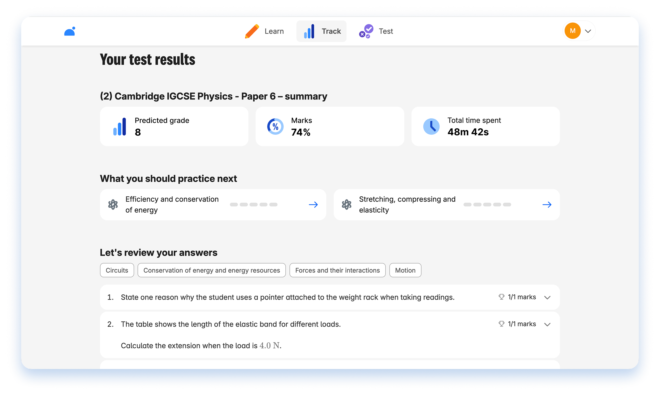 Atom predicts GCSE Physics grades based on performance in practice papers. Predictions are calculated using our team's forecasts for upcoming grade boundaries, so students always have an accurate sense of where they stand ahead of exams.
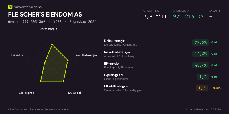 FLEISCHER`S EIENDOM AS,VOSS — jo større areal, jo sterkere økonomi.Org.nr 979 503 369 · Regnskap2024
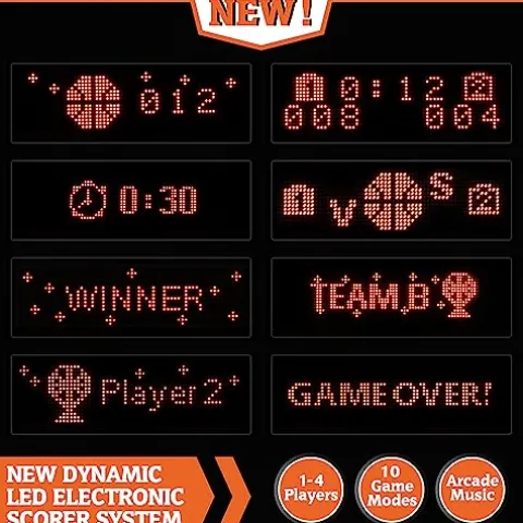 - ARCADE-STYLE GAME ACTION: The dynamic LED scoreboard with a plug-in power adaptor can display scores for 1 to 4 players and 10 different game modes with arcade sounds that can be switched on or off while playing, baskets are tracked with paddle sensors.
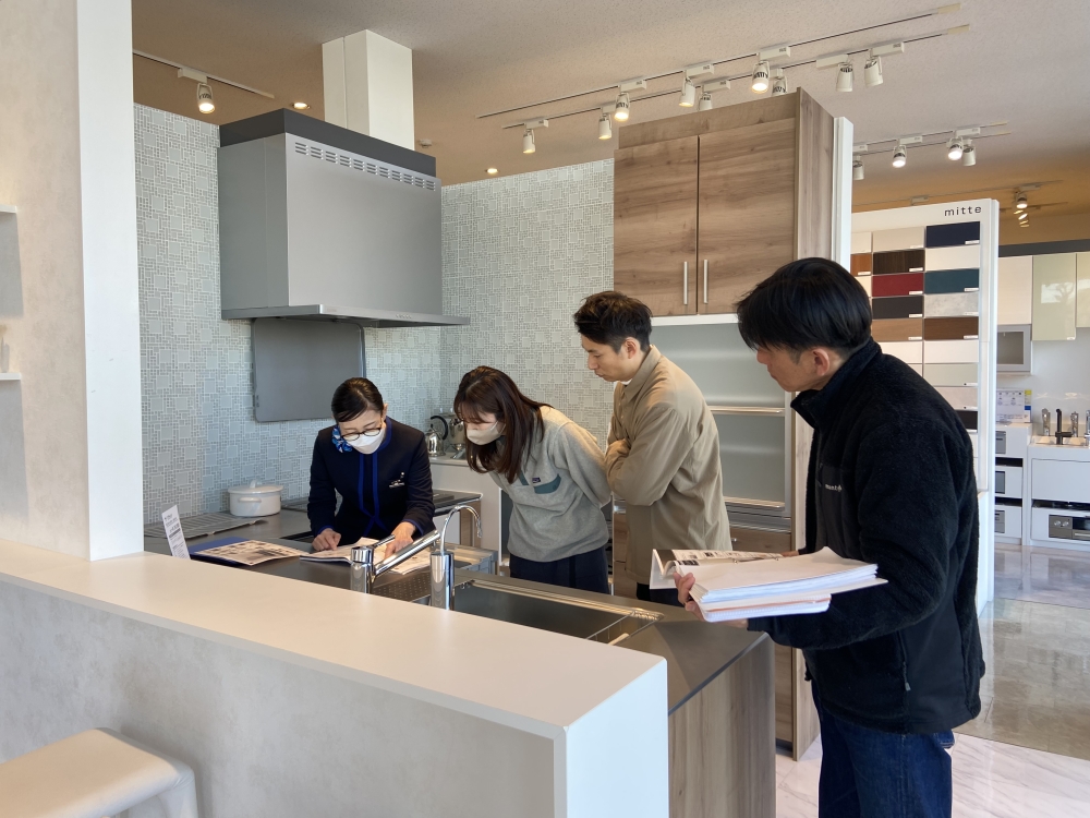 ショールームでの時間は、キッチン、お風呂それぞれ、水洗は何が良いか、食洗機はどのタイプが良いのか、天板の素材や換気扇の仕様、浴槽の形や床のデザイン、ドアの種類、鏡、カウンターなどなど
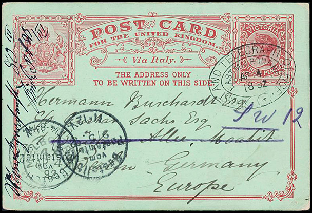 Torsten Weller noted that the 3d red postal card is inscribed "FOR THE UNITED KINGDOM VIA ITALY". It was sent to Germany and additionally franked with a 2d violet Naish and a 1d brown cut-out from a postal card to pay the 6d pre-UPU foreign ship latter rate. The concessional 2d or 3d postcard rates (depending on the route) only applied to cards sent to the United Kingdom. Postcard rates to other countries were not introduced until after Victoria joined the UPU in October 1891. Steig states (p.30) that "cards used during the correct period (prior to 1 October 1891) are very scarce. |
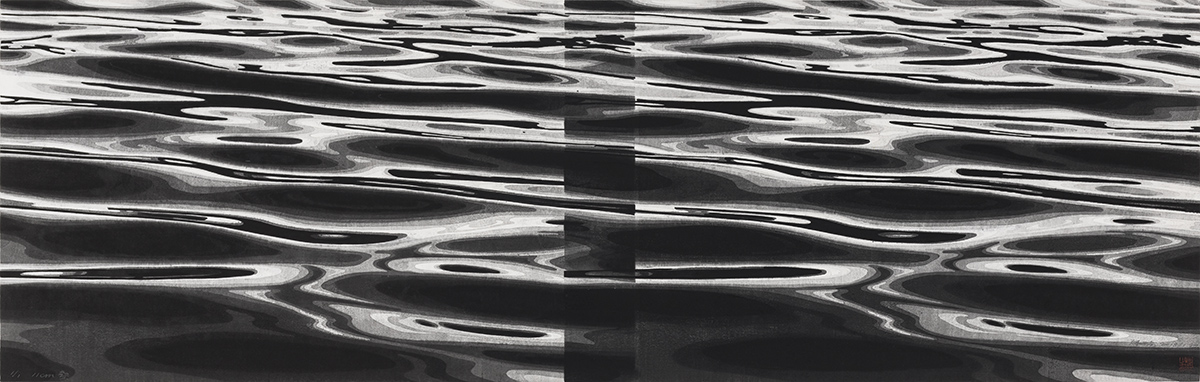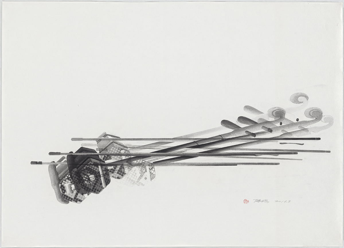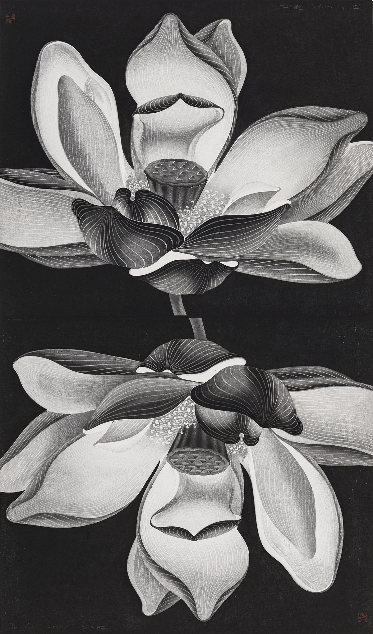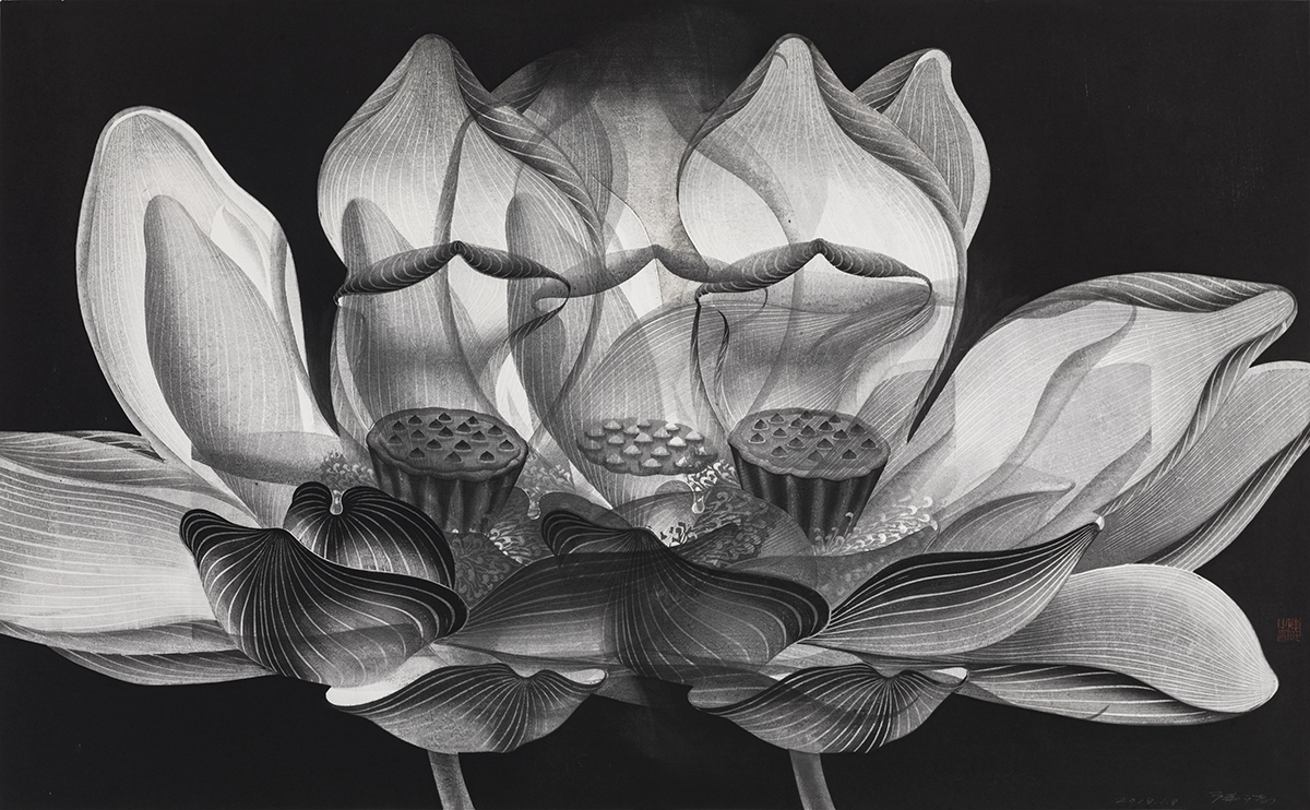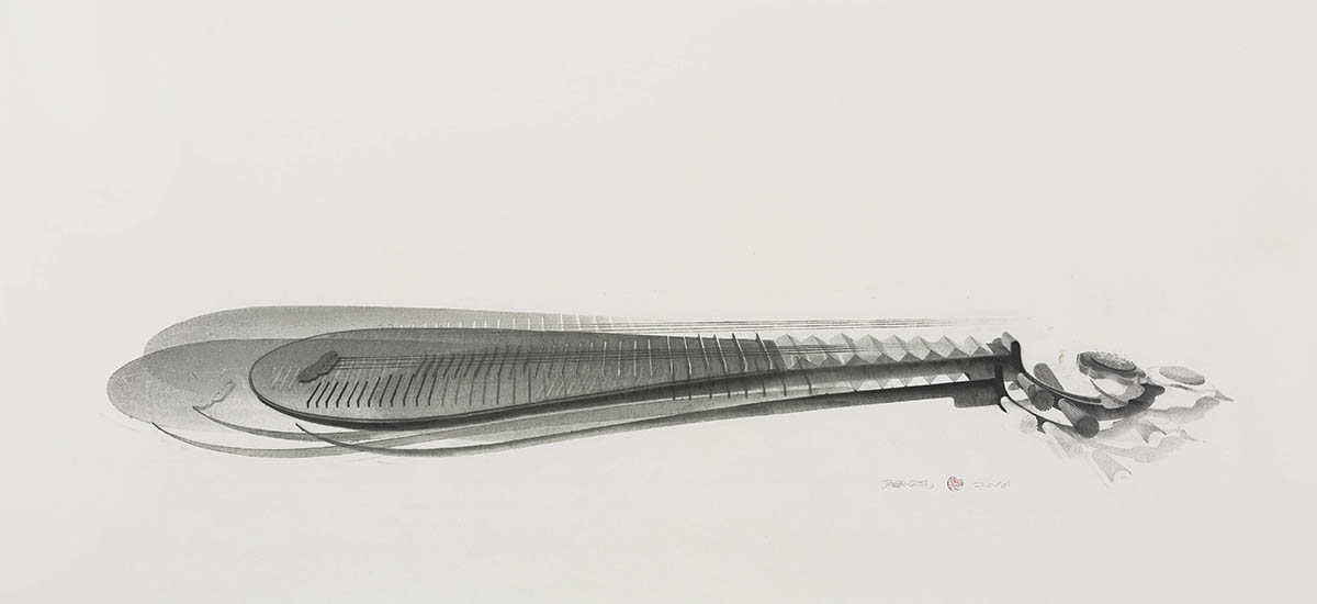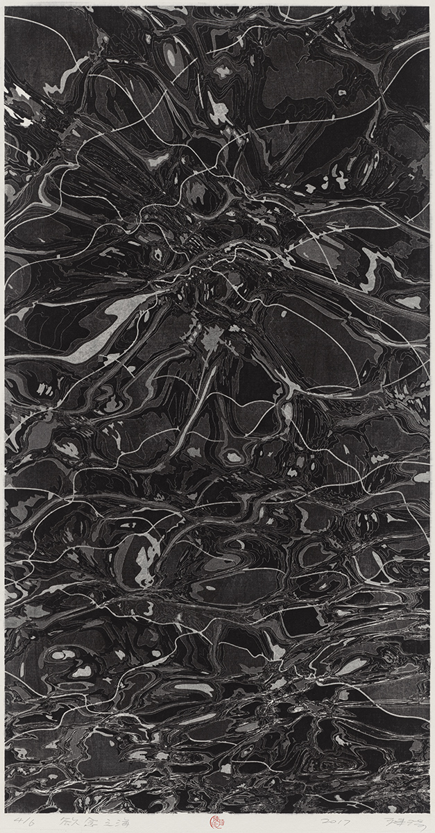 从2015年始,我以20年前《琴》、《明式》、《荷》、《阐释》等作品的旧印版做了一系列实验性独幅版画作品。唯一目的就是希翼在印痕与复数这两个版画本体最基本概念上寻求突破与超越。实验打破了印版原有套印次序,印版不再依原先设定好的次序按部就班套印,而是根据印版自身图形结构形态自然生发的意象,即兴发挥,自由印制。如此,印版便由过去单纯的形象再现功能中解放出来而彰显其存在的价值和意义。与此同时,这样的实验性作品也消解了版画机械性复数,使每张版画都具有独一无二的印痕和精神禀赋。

TASK BRIEF
From the records above, transcribe exactly the lines starting at the one containing "- ARCADE-STYLE GAME" and ending at the one containing "ショールームでの時間は、キッ". Skip the pictures.

ANSWER TO THIS EXERCISE
 - ARCADE-STYLE GAME ACTION: The dynamic LED scoreboard with a plug-in power adaptor can display scores for 1 to 4 players and 10 different game modes with arcade sounds that can be switched on or off while playing, baskets are tracked with paddle sensors.
 ショールームでの時間は、キッチン、お風呂それぞれ、水洗は何が良いか、食洗機はどのタイプが良いのか、天板の素材や換気扇の仕様、浴槽の形や床のデザイン、ドアの種類、鏡、カウンターなどなど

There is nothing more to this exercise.